A complete issue · 24 pages · 1915
Judge — January 16, 1915
# "A Call to Arms" - Judge Magazine, January 16, 1915 This cover illustration by James Montgomery Flagg depicts a elegantly dressed woman in a white dress holding a bouquet, gazing upward with patriotic resolve. The title "A Call to Arms" suggests this is WWI propaganda imagery. Published in early 1915 (before U.S. entry into WWI in April 1917), this likely encourages American military preparedness or support for the Allied cause. The woman—a common symbolic figure for "Liberty" or the nation itself—represents the emotional appeal of patriotic duty. The composition echoes recruitment poster aesthetics that would become iconic during American involvement. Judge magazine, as a satirical publication, may use this image to comment on wartime sentiment, though the specific satirical angle isn't clear from the image alone.
# Judge Magazine, January 16, 1915 This page is primarily **advertising and masthead content** rather than political satire. The left side features an **ad for the Studio of Pictorial Art**, promoting mail-based art instruction under Grant E. Hamilton. The pitch argues that drawing skills cannot be self-taught—they require "skilled guidance" from professionals. The illustration shows a fashionably dressed woman, likely appealing to prospective students interested in commercial art. The right side displays the magazine's **contents page and subscription information**. The contents list humor pieces, illustrated features, and satirical commentary typical of Judge's format, though specific article titles don't clearly reference major 1915 political events visible here. The small "War Bulletin" at bottom obliquely references World War I, but provides no substantive commentary.

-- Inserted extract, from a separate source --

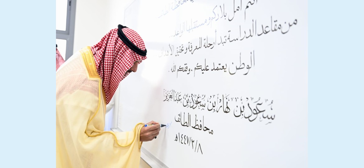 دشن  صاحب السمو الملكي الأمير سعود بن نهار بن سعود بن عبدالعزيز محافظ الطائف  ، انطلاقة  العام الدراسي الجديد 1447هـ  صباح اليوم الأحد وافتتح برنامج الأسبوع التمهيدي والتهيئة الإرشادية بمدارس المحافظة   ، وشارك أبنائه الطلاب يومهم الدراسي  وشهد  توزيع الكتب على الطلاب  بحضور  مساعد وزير التعليم  المهندس محمد بن ناصر الغامدي و المدير العام للتعليم  بالطائف  الدكتور سعيد بن عبدالله الغامدي  وذلك بمقر مجمع القلت التعليمي

# "About Motors" - Judge Magazine Satirical Page This page presents early automotive-era humor, mocking the emerging car culture and social anxieties around automobiles (likely 1910s-1920s). The satirical sketches include: - **Racing car (#5)**: Represents speed and danger obsessions - **"A steering device"**: Mocks pretentious automotive terminology - **Fashion figures** (women with exaggerated dress/hats): Satirizes how automobiles affected fashion and women's liberation—cars required practical clothing - **"Splash feed," "Ball bearing," "Radiator trouble"**: Double-entendre jokes playing on mechanical terms - **"A universal joint"**: Likely jokes about romance/intimacy enabled by automobiles - **"All Nations Welcome" garage**: Possibly satirizes how cars democratized transportation across class lines The overall tone ridicules both mechanical complexity and how cars were reshaping social conventions, particularly regarding gender and courtship.